* [Your assignment]: With pictures left out, extract every line between the start of the records below and the line holding "液體產(chǎn)品在生產(chǎn)過", inclusive.

* [Data]:
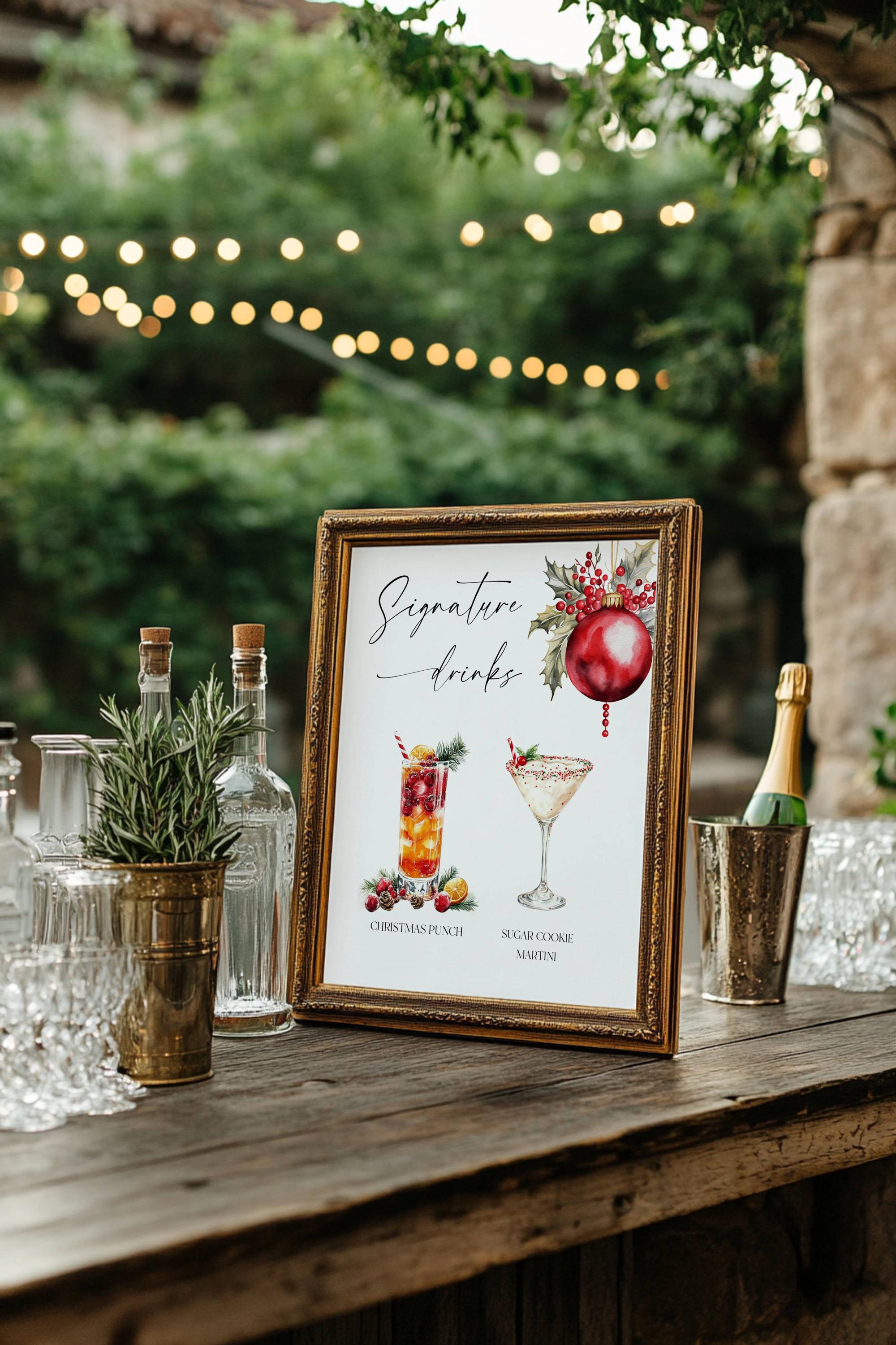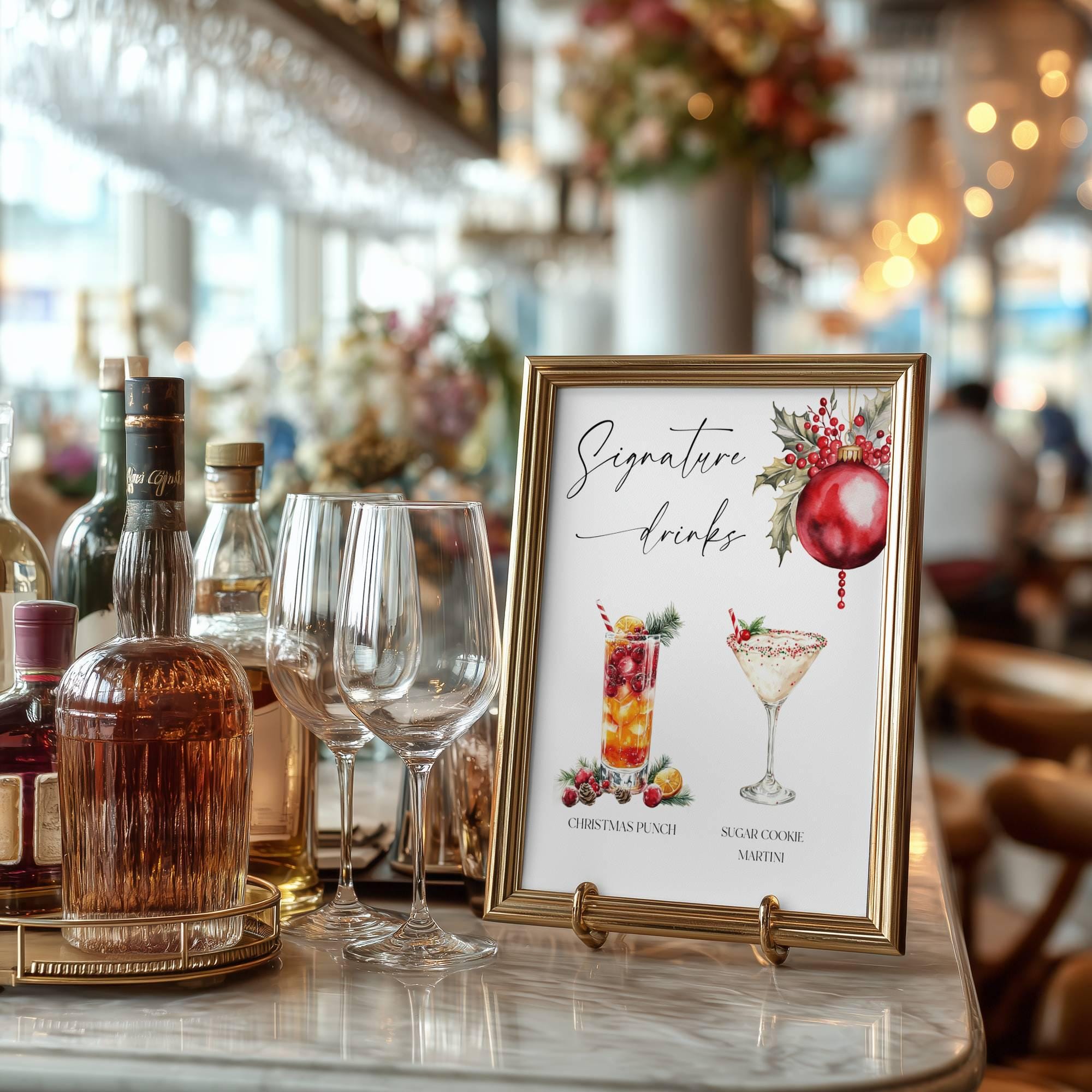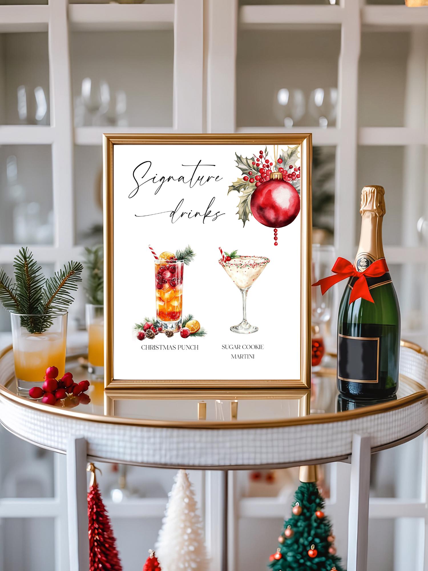 Christmas Signature Drinks Sign Template. An Instant download digital file for you to edit in your web browser with Templett straight after your purchase. Once personalized you are ready to print.
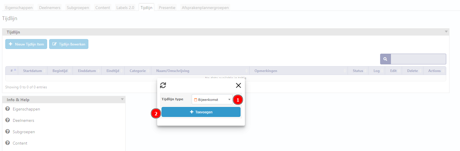 At Tijdijn type dropdown, sellect Bijeenkomst and click Toevoegen to save it
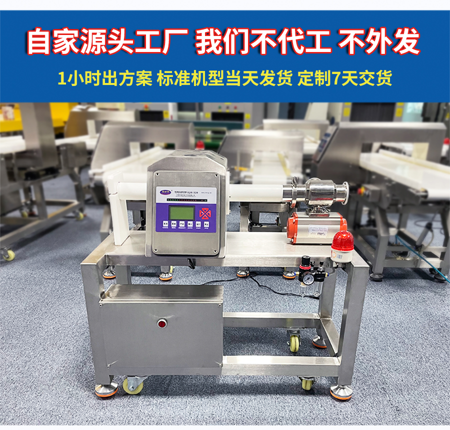 液體產(chǎn)品在生產(chǎn)過(guò)程中,可能會(huì)混入金屬屑、焊渣、設(shè)備磨損顆粒等金屬異物,不僅影響產(chǎn)品質(zhì)量,還可能對(duì)消費(fèi)者健康造成威脅。傳統(tǒng)金屬檢測(cè)設(shè)備難以應(yīng)對(duì)液體產(chǎn)品的流動(dòng)性和導(dǎo)電性,檢測(cè)效果不佳。安護(hù)神液體金屬檢測(cè)機(jī),專為液態(tài)產(chǎn)品設(shè)計(jì),采用先進(jìn)的數(shù)字信號(hào)處理技術(shù)和智能化算法,精準(zhǔn)識(shí)別鐵、不銹鋼、銅、鋁等金屬異物,有效克服液體流動(dòng)性和導(dǎo)電性帶來(lái)的干擾,可檢測(cè)微小金屬異物,靈敏度高達(dá)0.3mm
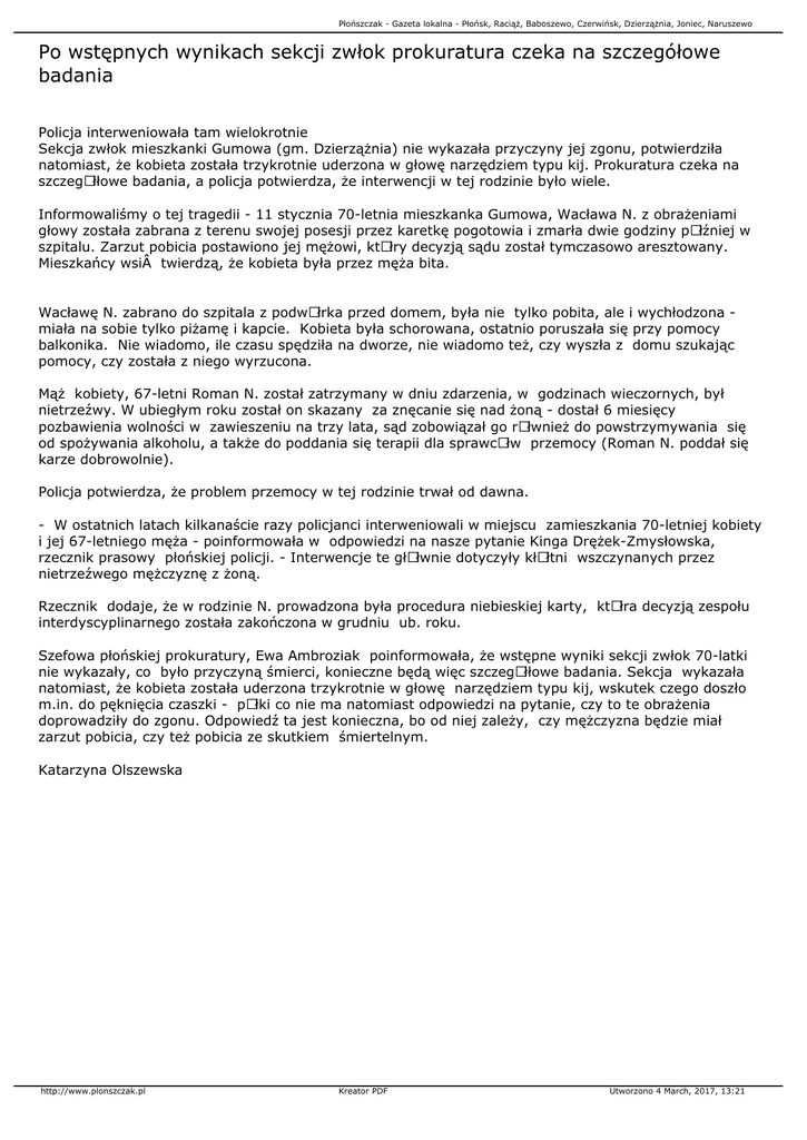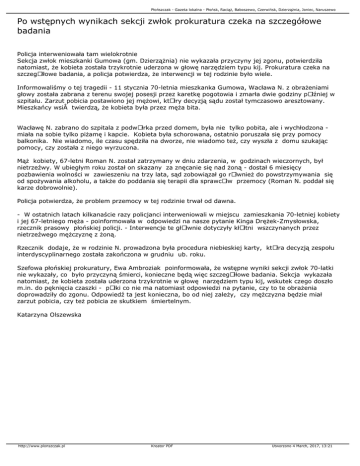 Płońszczak - Gazeta lokalna - Płońsk, Raciąż, Baboszewo, Czerwińsk, Dzierzążnia, Joniec, Naruszewo Po wstępnych wynikach sekcji zwłok prokuratura czeka na szczegółowe badania Policja interweniowała tam wielokrotnie Sekcja zwłok mieszkanki Gumowa (gm. Dzierzążnia) nie wykazała przyczyny jej zgonu, potwierdziła natomiast, że kobieta została trzykrotnie uderzona w głowę narzędziem typu kij. Prokuratura czeka na szczegÃłłowe badania, a policja potwierdza, że interwencji w tej rodzinie było wiele. Informowaliśmy o tej tragedii - 11 stycznia 70-letnia mieszkanka Gumowa, Wacława N. z obrażeniami głowy została zabrana z terenu swojej posesji przez karetkę pogotowia i zmarła dwie godziny pÃłźniej w szpitalu. Zarzut pobicia postawiono jej mężowi, ktÃłry decyzją sądu został tymczasowo aresztowany. Mieszkańcy wsi twierdzą, że kobieta była przez męża bita. Wacławę N. zabrano do szpitala z podwÃłrka przed domem, była nie tylko pobita, ale i wychłodzona miała na sobie tylko piżamę i kapcie. Kobieta była schorowana, ostatnio poruszała się przy pomocy balkonika. Nie wiadomo, ile czasu spędziła na dworze, nie wiadomo też, czy wyszła z domu szukając pomocy, czy została z niego wyrzucona. Mąż kobiety, 67-letni Roman N. został zatrzymany w dniu zdarzenia, w godzinach wieczornych, był nietrzeźwy. W ubiegłym roku został on skazany za znęcanie się nad żoną - dostał 6 miesięcy pozbawienia wolności w zawieszeniu na trzy lata, sąd zobowiązał go rÃłwnież do powstrzymywania się od spożywania alkoholu, a także do poddania się terapii dla sprawcÃłw przemocy (Roman N. poddał się karze dobrowolnie). Policja potwierdza, że problem przemocy w tej rodzinie trwał od dawna. - W ostatnich latach kilkanaście razy policjanci interweniowali w miejscu zamieszkania 70-letniej kobiety i jej 67-letniego męża - poinformowała w odpowiedzi na nasze pytanie Kinga Drężek-Zmysłowska, rzecznik prasowy płońskiej policji. - Interwencje te głÃłwnie dotyczyły kłÃłtni wszczynanych przez nietrzeźwego mężczyznę z żoną. Rzecznik dodaje, że w rodzinie N. prowadzona była procedura niebieskiej karty, ktÃłra decyzją zespołu interdyscyplinarnego została zakończona w grudniu ub. roku. Szefowa płońskiej prokuratury, Ewa Ambroziak poinformowała, że wstępne wyniki sekcji zwłok 70-latki nie wykazały, co było przyczyną śmierci, konieczne będą więc szczegÃłłowe badania. Sekcja wykazała natomiast, że kobieta została uderzona trzykrotnie w głowę narzędziem typu kij, wskutek czego doszło m.in. do pęknięcia czaszki - pÃłki co nie ma natomiast odpowiedzi na pytanie, czy to te obrażenia doprowadziły do zgonu. Odpowiedź ta jest konieczna, bo od niej zależy, czy mężczyzna będzie miał zarzut pobicia, czy też pobicia ze skutkiem śmiertelnym. Katarzyna Olszewska http://www.plonszczak.pl Kreator PDF Utworzono 4 March, 2017, 13:21
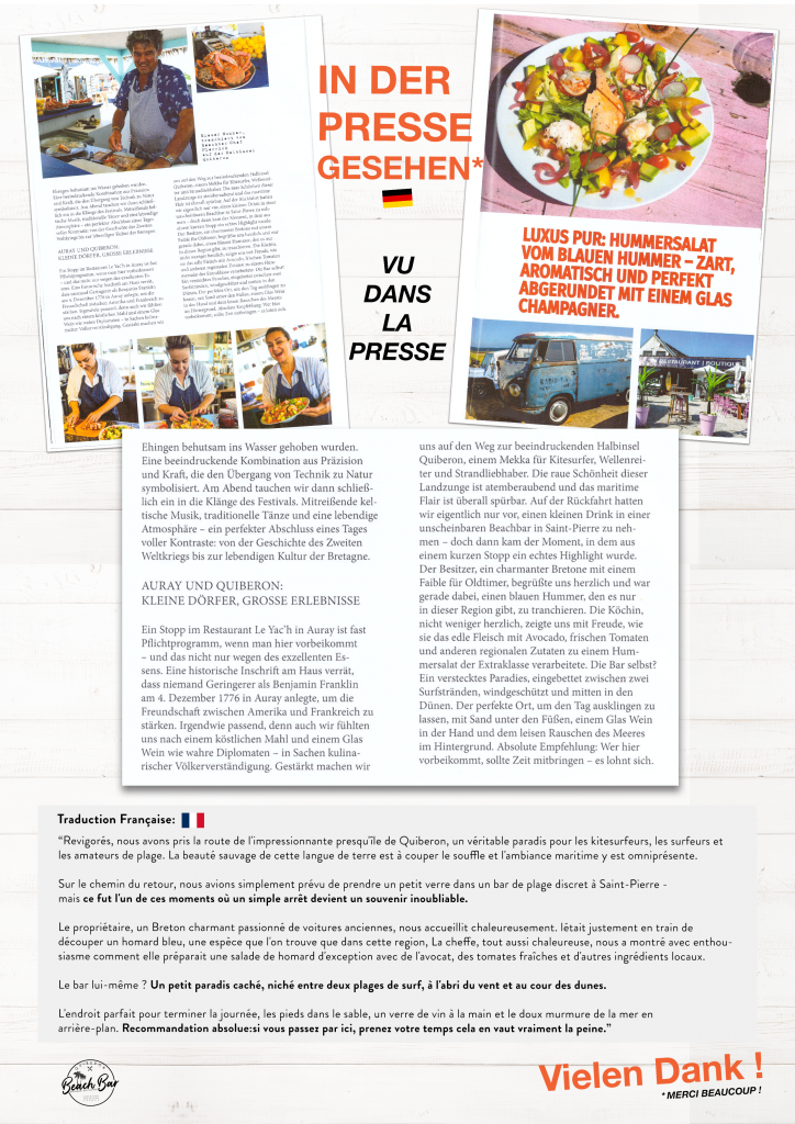 Le Beach Bar Quiberon est une entreprise familiale. Lancé à l’été 2014 dans un cadre unique et atypique à deux pas de la plage et du Fort de Penthièvre, offrant un panorama magique à l’heure du couché du soleil. Un bar aux cocktails de qualités aux alcools selectionnés, un restaurant de plage sans prétention, une cuisine simple, aux saveurs bretonnes et d’ailleurs offrant à n’importe quelles heures des saveurs à partager. Les producteurs locaux s’invitent également dans votre assiette avec nos partenaires gustatifs de Quiberon et la Region. Également son terrain de Beach Volley accessible du matin jusqu’au soir qui amusera les petits commes les grands. Le Beach Bar propose aussi un magasin de textile, de produits locaux et de souvenirs de la Bretagne qui feront plaisir à tous.

* [Final answer]:
 Christmas Signature Drinks Sign Template. An Instant download digital file for you to edit in your web browser with Templett straight after your purchase. Once personalized you are ready to print.
 At Tijdijn type dropdown, sellect Bijeenkomst and click Toevoegen to save it
 液體產(chǎn)品在生產(chǎn)過(guò)程中,可能會(huì)混入金屬屑、焊渣、設(shè)備磨損顆粒等金屬異物,不僅影響產(chǎn)品質(zhì)量,還可能對(duì)消費(fèi)者健康造成威脅。傳統(tǒng)金屬檢測(cè)設(shè)備難以應(yīng)對(duì)液體產(chǎn)品的流動(dòng)性和導(dǎo)電性,檢測(cè)效果不佳。安護(hù)神液體金屬檢測(cè)機(jī),專為液態(tài)產(chǎn)品設(shè)計(jì),采用先進(jìn)的數(shù)字信號(hào)處理技術(shù)和智能化算法,精準(zhǔn)識(shí)別鐵、不銹鋼、銅、鋁等金屬異物,有效克服液體流動(dòng)性和導(dǎo)電性帶來(lái)的干擾,可檢測(cè)微小金屬異物,靈敏度高達(dá)0.3mm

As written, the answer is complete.